Many more operations are also supported for manipulation

8 When to use which ORFfinding function

ORFik supports multiple ORF finding functions,here we describe their specific use.

If you have a DNAStringSet or a character vector use findORFs. DNAStringSet is safer since all characters are forced to uppercase.
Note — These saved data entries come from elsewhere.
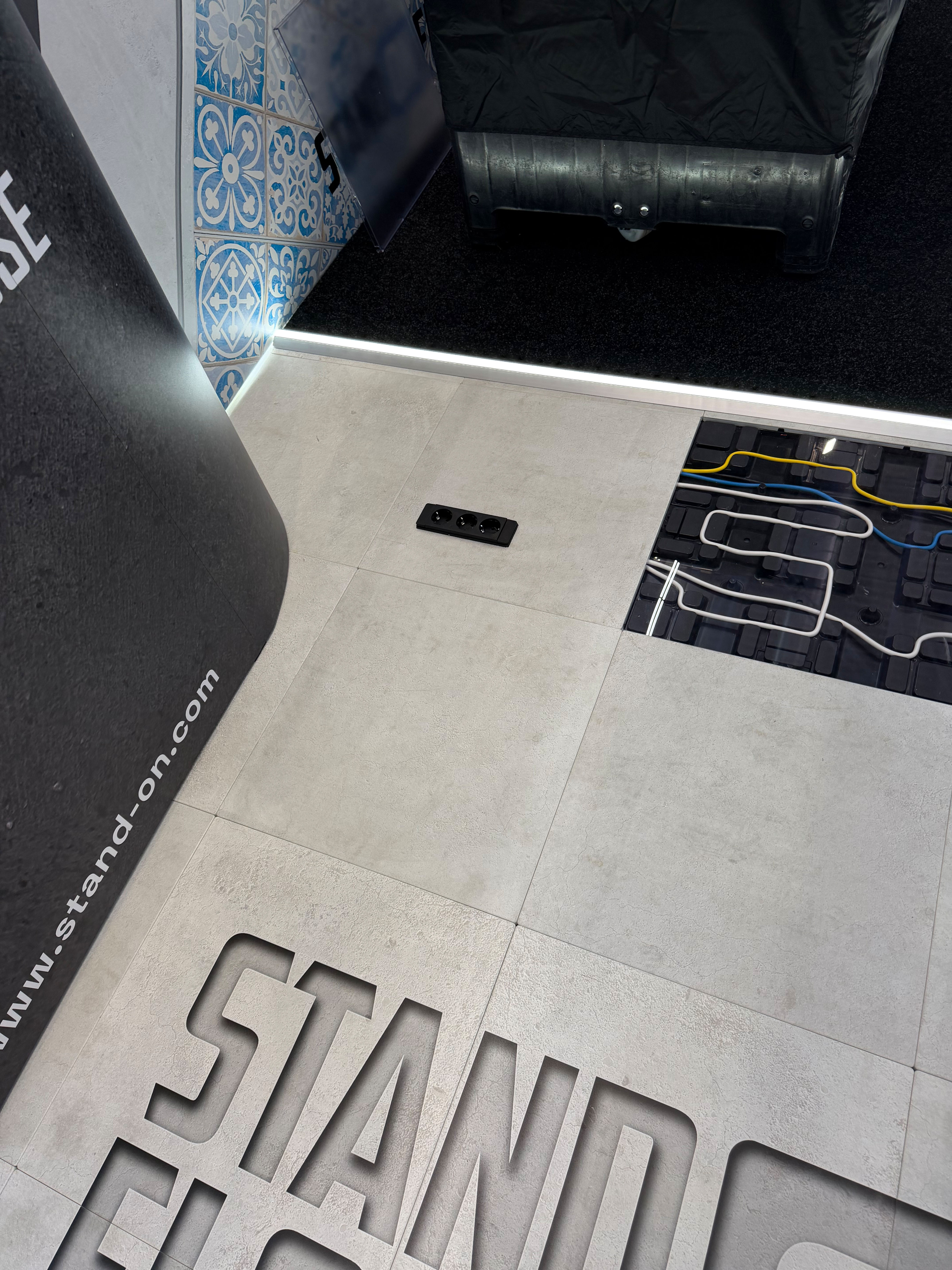 Auch im mobilen Einsatz überzeugt das System durch maximale Flexibilität. Der Messeboden ist leicht zu transportieren, schnell aufgebaut und robust genug für den häufigen Einsatz an wechselnden Standorten. Ob Roadshows, Pop-up-Stores, Promotion-Events oder Marken-Touren – der Stand-On Messeboden sorgt überall für einen einheitlich hochwertigen Auftritt.
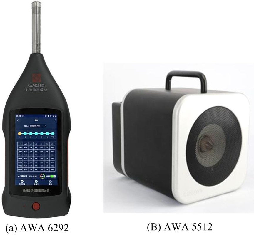 AWA6292型多功能声级计如图2(a)所示,是采用数字信号处理和物联网技术的新一代手持式声学测量仪器,性能符合GB/T 3785.1/IEC  61672-1对1级声级计和GB/T 3241.1/IEC 61260-1对1级滤波器的要求,可以选择工业噪声测量、环境噪声测量、职业卫生噪声测量和建筑声学测量等模块。当选用建筑声学测量模块时,配置总值积分测量、倍频程和1/3倍频程滤波器、混响时间测量和STIPA测量等软件模块,可以完成大多数建筑声学测量项目,尤其适用于厅堂和室内场所的声学和扩声特性测量。
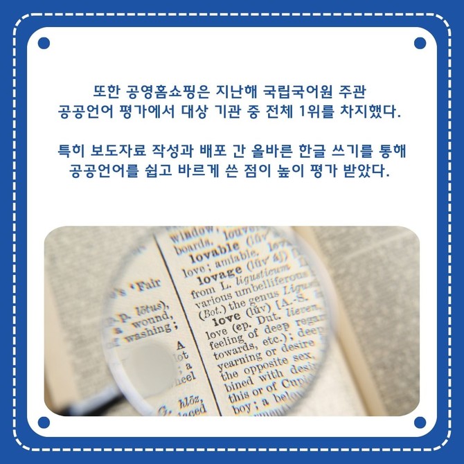 [카드] 공영홈쇼핑 '공공기관 공문서 평가' 공공기관 1위 선정
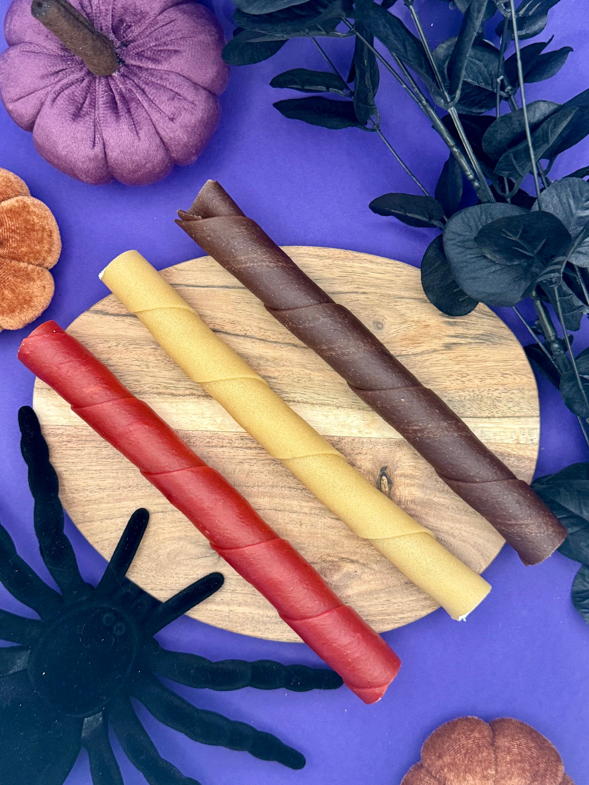 Brown & Red Sticks: Wheat Flour 39.06%, Corn Starch, Strawberry Powder / Purple Potato Powder, Vegetable Glycerin, Soy Protein Isolate, Potassium Sorbate
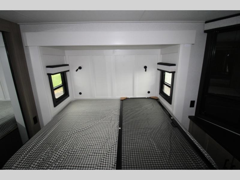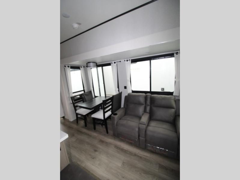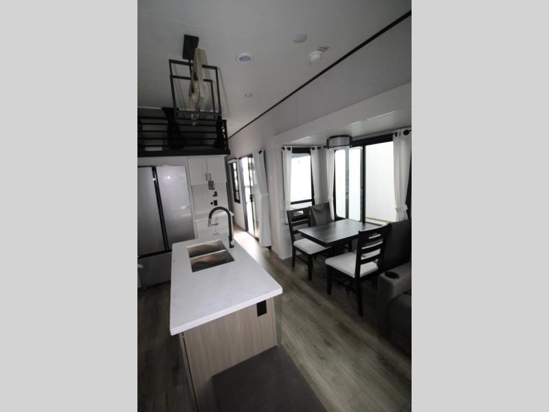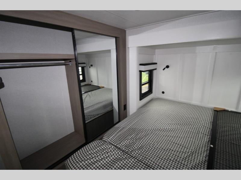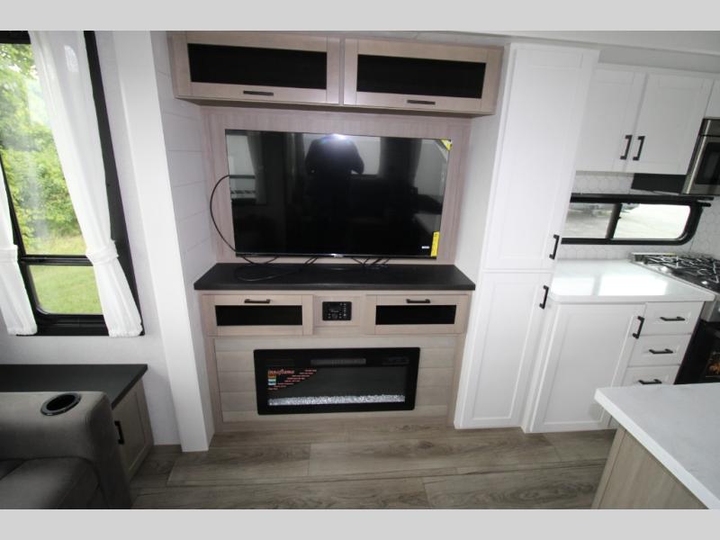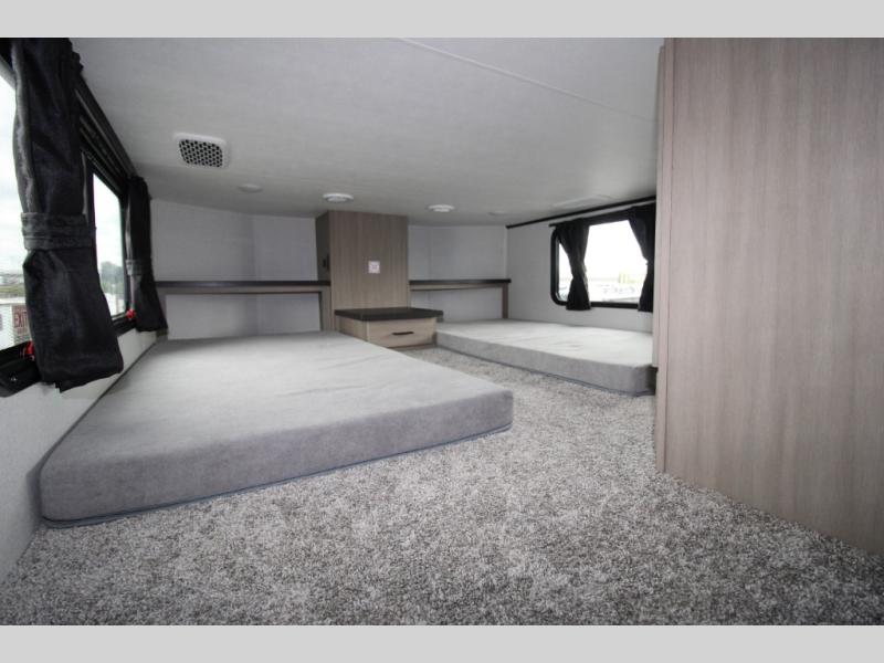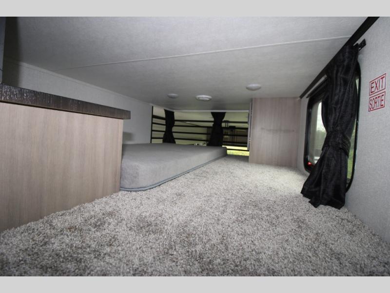 Wherever you choose you camp, you'll be camping in comfort with this travel trailer. There are dual opposing slides in the main living area, allowing everyone space to stretch out, and the cook will love having more space at the kitchen island. After dinner is cleaned up you can relax on the theater seat across from the TV and fireplace, or you can play a game at the free-standing table and chairs. The little ones are sure to head up to the double loft area to play or rest. Here, you'll find three bunk mats, two wardrobes, and shelves for plenty of storage space. The front private bedroom incudes a cozy queen bed, plus a dresser, wardrobe, and storage cabinets for all your belongings. You can even choose the king bed option in place of the queen bed if you want more space to stretch out!

findORFs will give you only 5’ to 3’ direction, so if you want both directions, you can do (for double stranded):

  library(Biostrings)
  library(S4Vectors)
  seqs <- "ATGAAATGAAGTAAATCAAAACAT" # strand with ORFs in both directions
  # positive strands
  pos <- findORFs(seqs, startCodon = "ATG", minimumLength = 0)
  # negative strands
  neg <- findORFs(reverseComplement(DNAStringSet(seqs)),
                  startCodon = "ATG", minimumLength = 0)
  # make GRanges since we want strand information
  pos <- GRanges(pos, strand = "+")
  neg <- GRanges(neg, strand = "-")
  # as GRanges
  res <- c(pos, neg)
  # or merge together and make GRangesList
  res <- split(res, seq.int(1, length(pos) + length(neg)))
  res
## GRangesList object of length 3:
## $1 
## GRanges object with 1 range and 0 metadata columns:
##       seqnames    ranges strand
##          <Rle> <IRanges>  <Rle>
##   [1]        1       1-9      +
## 
## $2 
## GRanges object with 1 range and 0 metadata columns:
##       seqnames ranges strand
##   [1]        1   6-14      +
## 
## $3 
## GRanges object with 1 range and 0 metadata columns:
##       seqnames ranges strand
##   [1]        1    1-9      -
## 
## -------
## seqinfo: 1 sequence from an unspecified genome; no seqlengths

Note that findORFsFasta automaticly finds (-) strand ORFs. Since that is normally used for genomes.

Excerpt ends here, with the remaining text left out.